Welcome (and welcome) to the territory of adventure. How long has it been since we came across such a recreational, playful, experimental and daring version of Vampire Weekend? Ezra Koenig, Chris Tomson and Chris Baio have resolved the five-year wait with a fifth album that is as jubilant sonically as it is reasonably afflicted lyrically, in the face of the foxes in which we are leaving this world. There are moments of blinding sonic fantasy: the combination of hip hop rhythm, trumpets and string arrangements of “The Surfer”, the colorful delirium of a “Connect” that reminds of “Steppin’ Out” of Joe Jackson, the successful free jazz grafts of “Classical” or the delicious pop operetta of “Ice Cream Piano”, as if they wanted to complement the line of succession that unites Elton John with Ben Folds and Mika. A non-stop.
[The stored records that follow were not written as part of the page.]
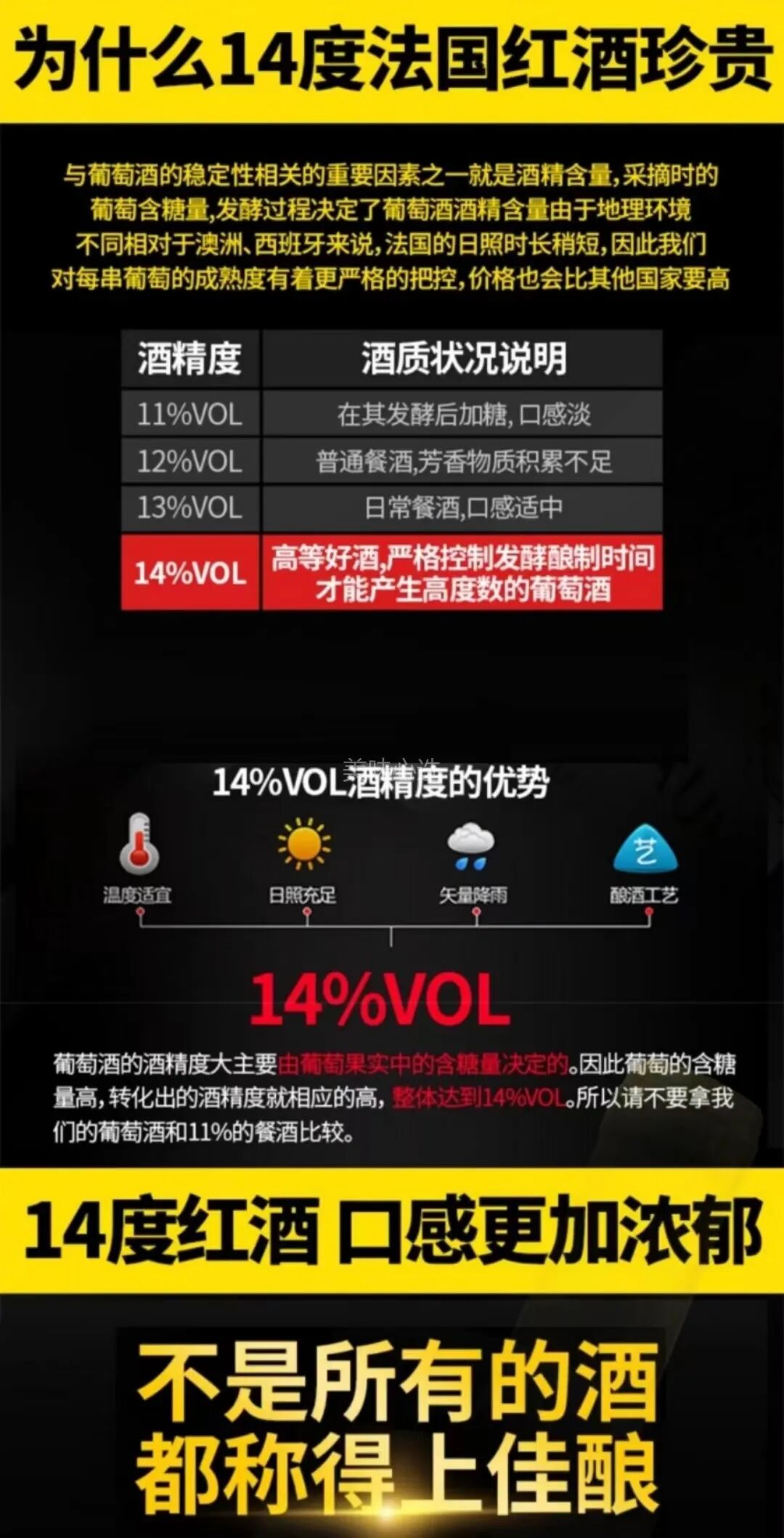 对于很多品酒师而言,14%vol的葡萄酒,味道上会更加的浓郁,甜度也更好,口感更符合懂酒的人口味。
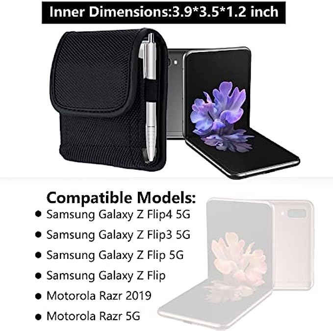 • 【Compatible】 Durable Nylon holster fits Samsung Galaxy Z Flip/Z Flip 5G/Z Flip 3 5G/Z Flip 4 5G, Motorola Razr 2019/Razr 5G.
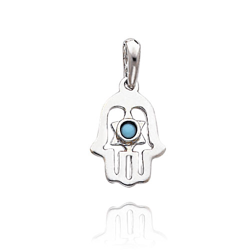 14K White Gold Turquoise Chamseh & Star of David Pendant
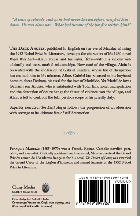 The Dark Angels, published in English on the eve of Mauriac winning the 1952 Nobel Prize in Literature, develops the characters of his 1930 novel What Was Lost—Alain Forcas and his sister, Tota—within a vicious web of family and extra-marital relationships. Now curé of the village, Alain is presented with the confession of Gabriel Gradère, whose life of dissipation has chained him to his mistress, Aline. Gabriel has returned to his boyhood home to cheat Desbats, his rival for the love of Mathilde. Yet Mathilde loves Gabriel’s son Andrès, who is infatuated with Tota. Emotional manipulation and the distortion of desire hangs the threat of violence over the village, and Alain is left to confront the full, perilous scope of his priestly duty.
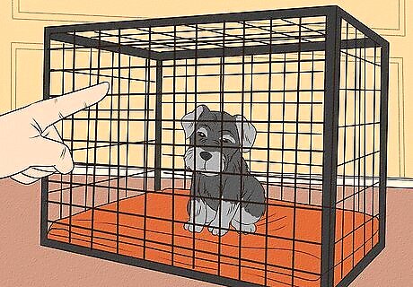 Use a crate to help train your puppy. Introducing a crate while your miniature schnauzer is still a puppy helps your dog get comfortable with being confined. This is useful if he ever needs to be hospitalized or boarded in the future. Additionally, if you put his bed in the crate at first, he will have a sense of security in that confined area that may help him sleep. Be sure to leave the door of the crate open so your dog doesn’t feel trapped while inside.

It is an album of aural beauty, a succession of tweaks, again with the production of his faithful Ariel Rechtshaid and the mixes of Dave Fridmann, in which, along with the fortunate tests, there are also instant classics such as “Prep-School Gangsters” o “Gen-X Cops”with that guitar of suppurating electricity, perhaps the best Strokes single without bearing the Strokes signature because it has everything their music should aspire to at this moment. “Only God Was Above Us” (2024). of New York culture from decades ago), but for things as explicit as the Soul II Soul sampler in the sensational “Mary Boone”, rounding off what only a select few are capable of: creating dazzlingly current material with patches from the past.